*What the task asks*
All of the records below must be output exactly, with no pictures carried over.

(Collected data)

......

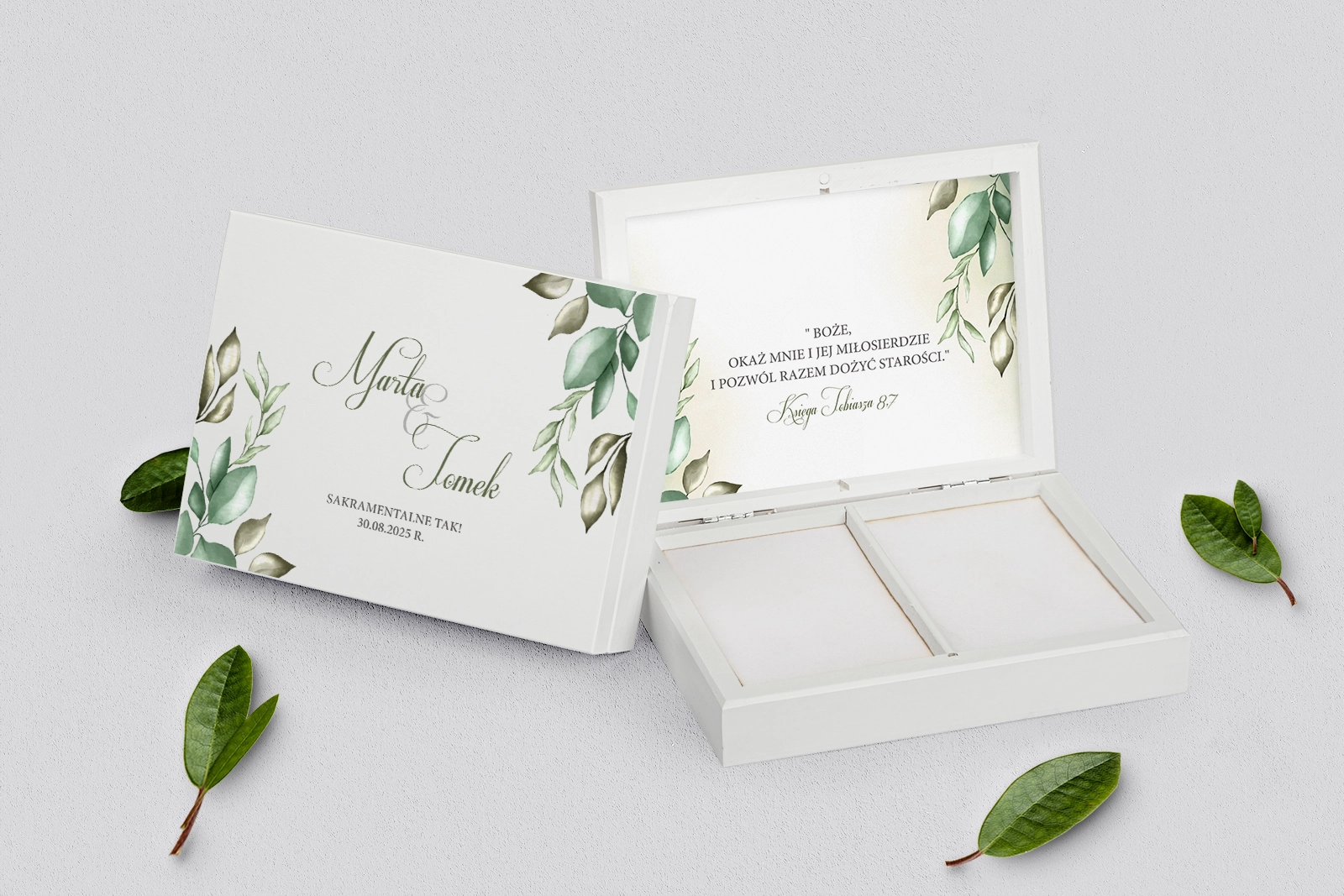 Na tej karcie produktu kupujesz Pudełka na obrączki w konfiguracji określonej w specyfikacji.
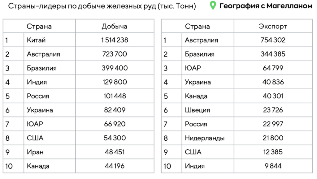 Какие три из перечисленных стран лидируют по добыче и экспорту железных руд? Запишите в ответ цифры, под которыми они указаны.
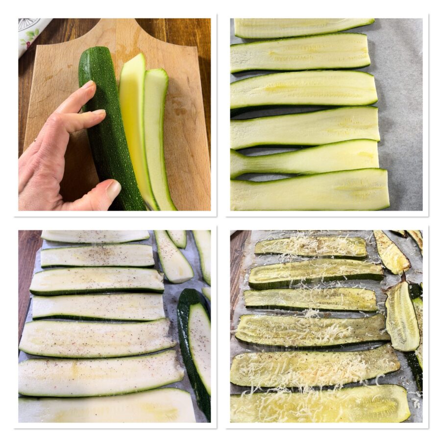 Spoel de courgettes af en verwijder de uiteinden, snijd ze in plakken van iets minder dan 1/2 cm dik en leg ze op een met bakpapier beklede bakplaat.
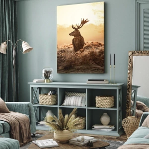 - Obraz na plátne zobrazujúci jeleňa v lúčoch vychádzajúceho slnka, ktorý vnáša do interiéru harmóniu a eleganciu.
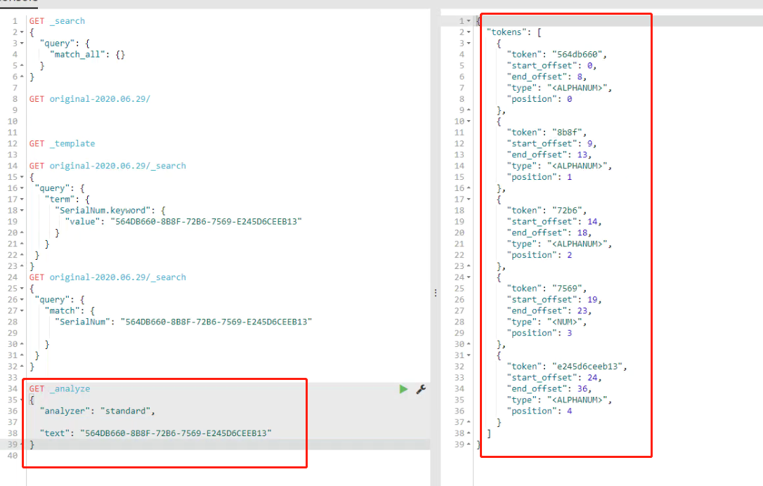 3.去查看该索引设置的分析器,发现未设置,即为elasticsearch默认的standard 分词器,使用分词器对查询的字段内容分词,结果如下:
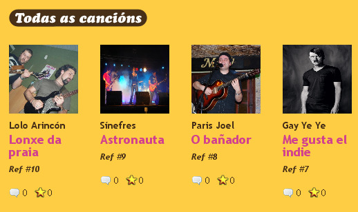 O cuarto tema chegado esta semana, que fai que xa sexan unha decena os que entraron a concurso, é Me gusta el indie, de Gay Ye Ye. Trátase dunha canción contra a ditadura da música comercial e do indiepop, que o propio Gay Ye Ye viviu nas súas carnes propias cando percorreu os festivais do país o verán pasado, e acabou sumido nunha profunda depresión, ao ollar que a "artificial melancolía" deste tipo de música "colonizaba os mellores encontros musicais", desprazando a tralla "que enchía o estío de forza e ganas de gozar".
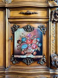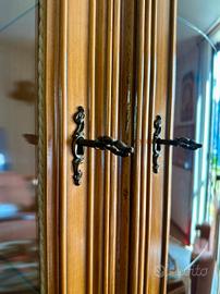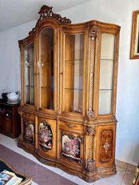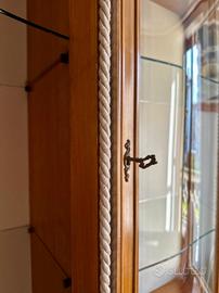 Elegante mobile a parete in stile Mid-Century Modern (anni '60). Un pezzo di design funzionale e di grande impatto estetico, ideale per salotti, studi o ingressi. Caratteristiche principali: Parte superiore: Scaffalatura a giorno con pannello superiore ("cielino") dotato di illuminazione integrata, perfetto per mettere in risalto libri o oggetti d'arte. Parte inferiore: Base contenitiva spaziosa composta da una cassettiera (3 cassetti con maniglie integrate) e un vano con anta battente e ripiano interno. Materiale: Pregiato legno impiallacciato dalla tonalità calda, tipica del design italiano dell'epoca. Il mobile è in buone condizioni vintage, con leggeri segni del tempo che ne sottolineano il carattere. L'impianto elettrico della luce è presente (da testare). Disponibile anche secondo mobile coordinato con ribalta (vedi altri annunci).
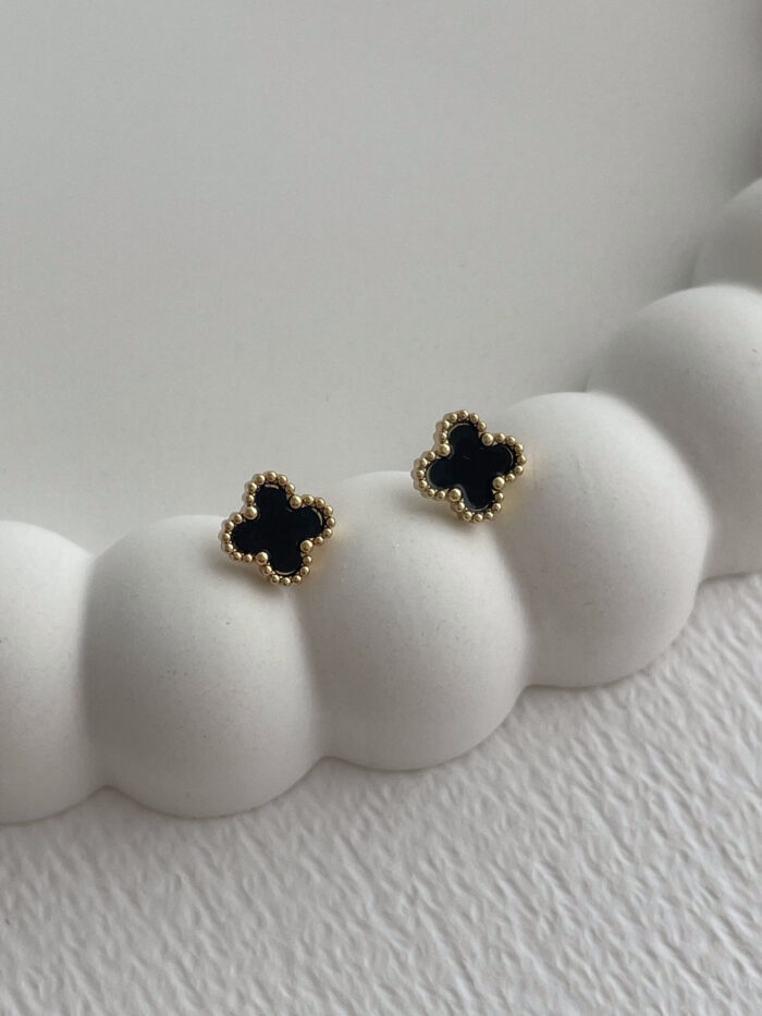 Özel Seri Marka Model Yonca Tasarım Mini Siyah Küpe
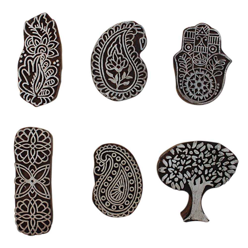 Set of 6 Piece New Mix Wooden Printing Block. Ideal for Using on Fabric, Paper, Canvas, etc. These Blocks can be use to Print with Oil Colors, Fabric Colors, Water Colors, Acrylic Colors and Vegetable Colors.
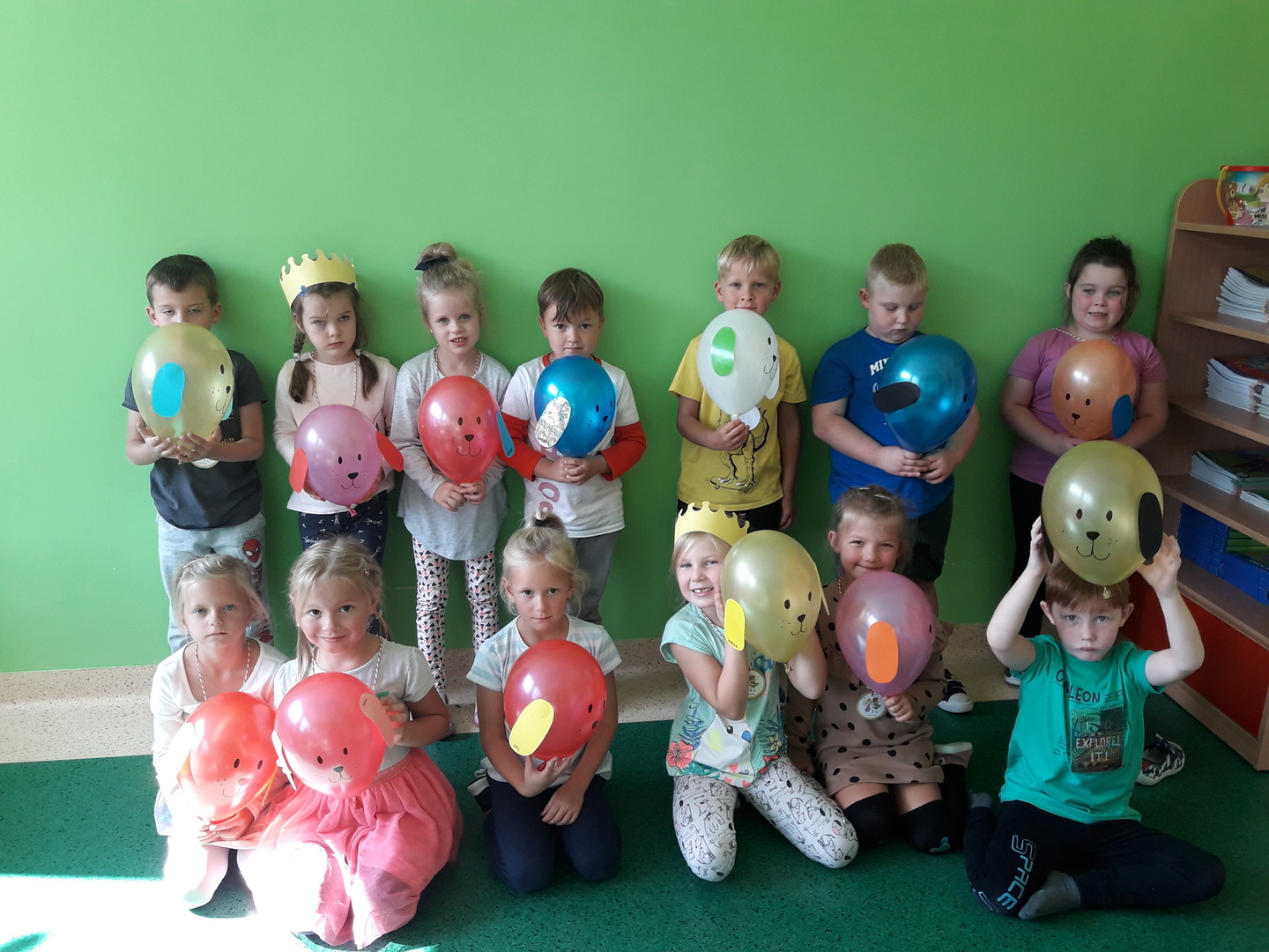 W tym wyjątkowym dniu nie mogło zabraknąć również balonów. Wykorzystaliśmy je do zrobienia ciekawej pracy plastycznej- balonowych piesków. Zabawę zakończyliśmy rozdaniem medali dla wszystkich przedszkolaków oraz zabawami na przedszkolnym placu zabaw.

......

*Solution*
 Na tej karcie produktu kupujesz Pudełka na obrączki w konfiguracji określonej w specyfikacji.
 Какие три из перечисленных стран лидируют по добыче и экспорту железных руд? Запишите в ответ цифры, под которыми они указаны.
 Spoel de courgettes af en verwijder de uiteinden, snijd ze in plakken van iets minder dan 1/2 cm dik en leg ze op een met bakpapier beklede bakplaat.
 - Obraz na plátne zobrazujúci jeleňa v lúčoch vychádzajúceho slnka, ktorý vnáša do interiéru harmóniu a eleganciu.
 3.去查看该索引设置的分析器,发现未设置,即为elasticsearch默认的standard 分词器,使用分词器对查询的字段内容分词,结果如下:
 O cuarto tema chegado esta semana, que fai que xa sexan unha decena os que entraron a concurso, é Me gusta el indie, de Gay Ye Ye. Trátase dunha canción contra a ditadura da música comercial e do indiepop, que o propio Gay Ye Ye viviu nas súas carnes propias cando percorreu os festivais do país o verán pasado, e acabou sumido nunha profunda depresión, ao ollar que a "artificial melancolía" deste tipo de música "colonizaba os mellores encontros musicais", desprazando a tralla "que enchía o estío de forza e ganas de gozar".
 Elegante mobile a parete in stile Mid-Century Modern (anni '60). Un pezzo di design funzionale e di grande impatto estetico, ideale per salotti, studi o ingressi. Caratteristiche principali: Parte superiore: Scaffalatura a giorno con pannello superiore ("cielino") dotato di illuminazione integrata, perfetto per mettere in risalto libri o oggetti d'arte. Parte inferiore: Base contenitiva spaziosa composta da una cassettiera (3 cassetti con maniglie integrate) e un vano con anta battente e ripiano interno. Materiale: Pregiato legno impiallacciato dalla tonalità calda, tipica del design italiano dell'epoca. Il mobile è in buone condizioni vintage, con leggeri segni del tempo che ne sottolineano il carattere. L'impianto elettrico della luce è presente (da testare). Disponibile anche secondo mobile coordinato con ribalta (vedi altri annunci).
 Özel Seri Marka Model Yonca Tasarım Mini Siyah Küpe
 Set of 6 Piece New Mix Wooden Printing Block. Ideal for Using on Fabric, Paper, Canvas, etc. These Blocks can be use to Print with Oil Colors, Fabric Colors, Water Colors, Acrylic Colors and Vegetable Colors.
 W tym wyjątkowym dniu nie mogło zabraknąć również balonów. Wykorzystaliśmy je do zrobienia ciekawej pracy plastycznej- balonowych piesków. Zabawę zakończyliśmy rozdaniem medali dla wszystkich przedszkolaków oraz zabawami na przedszkolnym placu zabaw.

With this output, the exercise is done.